Примчался в штаб, а там уж – почти все офицеры. Никто ничего не знает, так с незнанием и ввалились к командиру полка.

– Господа офицеры, поднимайте солдат по тревоге и держите в полной готовности.

– Война, господин полковник?

– Гвардейский мятеж на Сенатской площади.

К счастью, для полка нашего все обошлось: без нас Санкт-Петербург с мятежниками справился. А для меня – не совсем. С батюшкой от всех этих государственных передряг удар приключился. Матушка депешу прислала о внезапной болезни его, и командир на неделю отпустил меня домой.

…Судьба ли, природа ли или сам Господь Бог сдает каждому его карты на всю жизнь ровно один раз. У кого – сплошные онеры в козырях, у кого – тузы, а у кого и одни фоски – это уж как кому повезет. Но большинство почему-то всю жизнь так и живет с теми картами, что при рождении выпали. Стонут, жалуются, кряхтят, просят пересдать заново. А нет бы подумать об изменении судьбы собственной. Да, карты сданы, но – для игры, для азарта, для способностей и куража вашего. Так разберитесь в них и смело играйте по тем правилам, которые сама жизнь вам предлагает! Она – ваш соперник отныне, и тут уж – кто кого.

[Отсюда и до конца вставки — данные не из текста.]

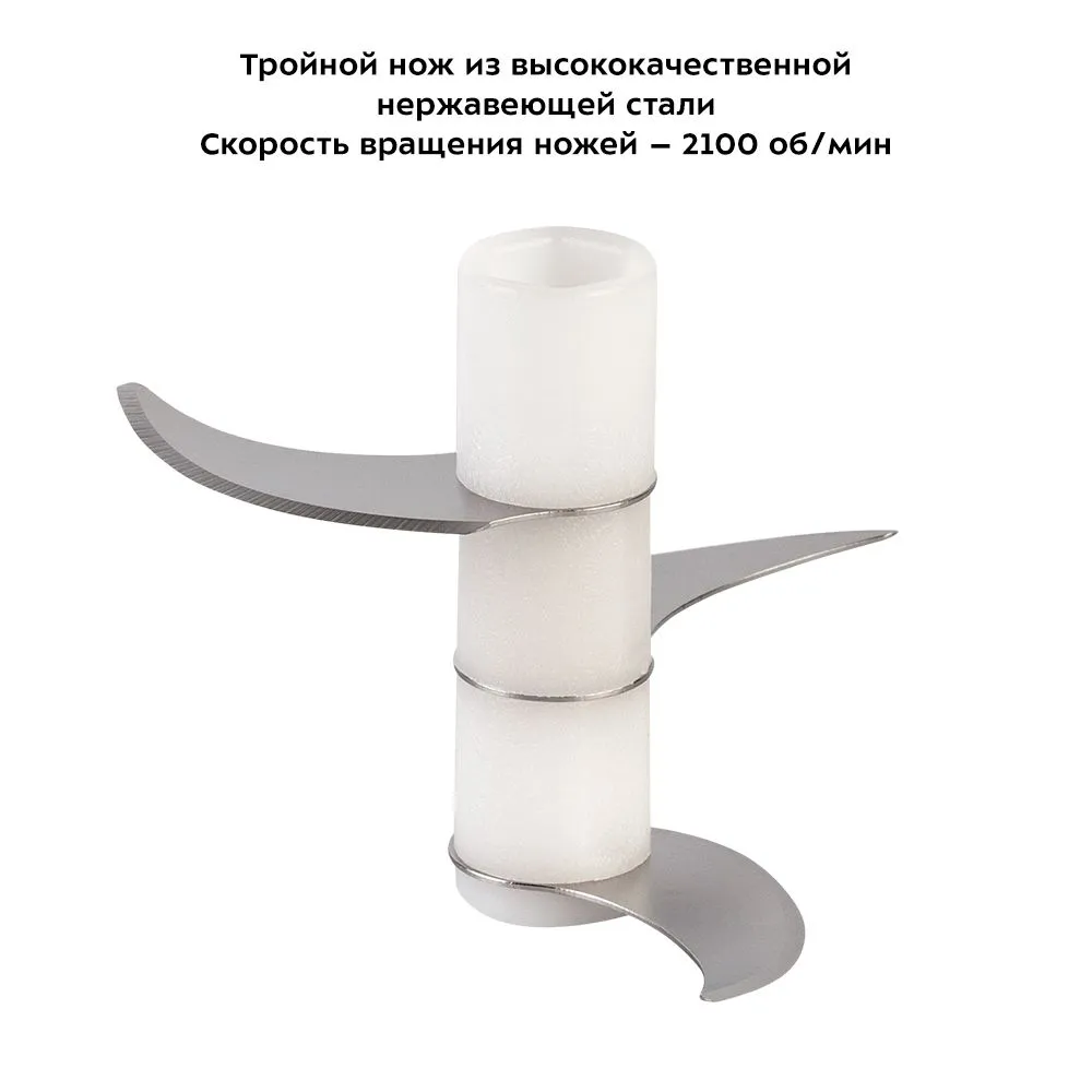 Тройной нож измельчает ингредиенты практически по всей высоте чаши, что экономит время приготовления. Лезвия изготовлены из высококачественной нержавеющей стали, скорость вращения ножей - 2100 об/мин. Салат или закуска будут готовы за несколько минут!

В жизненной игре и сброс предусмотрен, и прикуп, и козыри, и ходы ваши: так дерзайте же, не ждите милостей. Берите игру на себя и – по банку!

Это я написал, то разумея, что обстоятельства жизни меняются и мы обязаны меняться вместе с ними, иначе из игры вылетим. И люто начнем завидовать тем, кто куши с банка снимает, а то и весь банк. Что, завистников, коим и три-дцати еще не исполнилось, не встречали? Встречали, поди, – глазки их выдают.

Это я к тому, что в том декабре двадцать пятого я еще не собственной колодой играл. Почему, как и большинство, не одобрял событий на Сенатской площади. Мятежников с претензиями в них видел, а не рыцарских героев российской истории. Без всякого стыда в этом признаюсь, потому что искренность чести не в упрек.

Но что-то, вероятно, в глубине души моей шевелилось. Что-то мне непонятное и как бы даже неощущаемое. Предчувствие?.. Нет, что-то похитрее. Что-то из памяти предков моих, дружинников княжеских, не забывавших перед тяжкой битвой сунуть за голенище мужицкий засапожный нож…

Иначе как объяснить, почему я решил вдруг, к занемогшему батюшке в Петербург направляясь, сунуть в дорожный чемодан пушкинские стихи о французском поэте Андрее Шенье?..

Да, в Санкт-Петербург: на зиму дворянство в столичные дома переселялось из всех своих Опенок да Антоновок. А тут еще и свадьба на носу. И бригадир мой, по счастью, оказался в столице, где и воспринял декабрьское противостояние в виде личного удара. Но и врачи вовремя, и кровь сброшена, и пьявки к затылку, и матушка моя – рядом днем и ночью.

Когда я на курьерских примчался, ему уже полегчало. И усмешка вернулась, и брови по лбу обычным путем уже перемещались, и речь на своем месте. Только, правда, еще короче теперь стала:

– Вот они, Раевские твои.

Лежал он еще в постели: и откуда терпение нашлось? И читать в мыслях моих, к удивлению, не разучился.

– Любовь не только совместное ложе, жених, но и совместное лобное место.

Женихом он меня скорее в насмешку обозвал, поскольку свадьбу отложили до лучших времен. До полного выздоровления так некстати пострадавшего батюшки.

Генерал навещал старика моего ежедень, а Прасковья Васильевна от матушки всю первую, решающую неделю вообще не отходила. Но невесте, Полиночке моей, бригадир решительно, языком, еще коснеющим, запретил пред глазами его мельтешить, почему я и поехал к ней уже в следующий вечер. И, собираясь на свидание то, достал из дорожного чемодана подаренные мне Александром Сергеевичем стихи об Андрее Шенье и захватил их с собою.

И – опять загадка: почему я именно тогда вокруг этих строф закружил? До того времени лежали они и лежали, да и не вспоминал я о них, признаться. Тоска меня заедала, я в прогулках да разговорах с милой девицей топить ее пытался, но закончилось все обозначенной свадьбой как-то, признаться, уж совершенно для меня неожиданно. И мысли вокруг женитьбы завертелись, вокруг будущей семейной жизни… А тут после разгрома восстания на Сенатской площади, после того, как отца удар хватил, после переноса собственной свадьбы на срок неопределенный – ну будто заколдовало меня на «Андрее Шенье».

Правда, тогда я просто себе все объяснял. Мол, с Полиночкой давно не виделся, а она так стихи любит. И так огорчается, что свадьбу нашу перенесли. И ей будет приятно внимание мое. Потому с того и начал, что протянул ей исписанные пушкинским почерком странички. Но она неожиданно отложила их и глянула на меня:

– Как ты провел день четырнадцатого декабря?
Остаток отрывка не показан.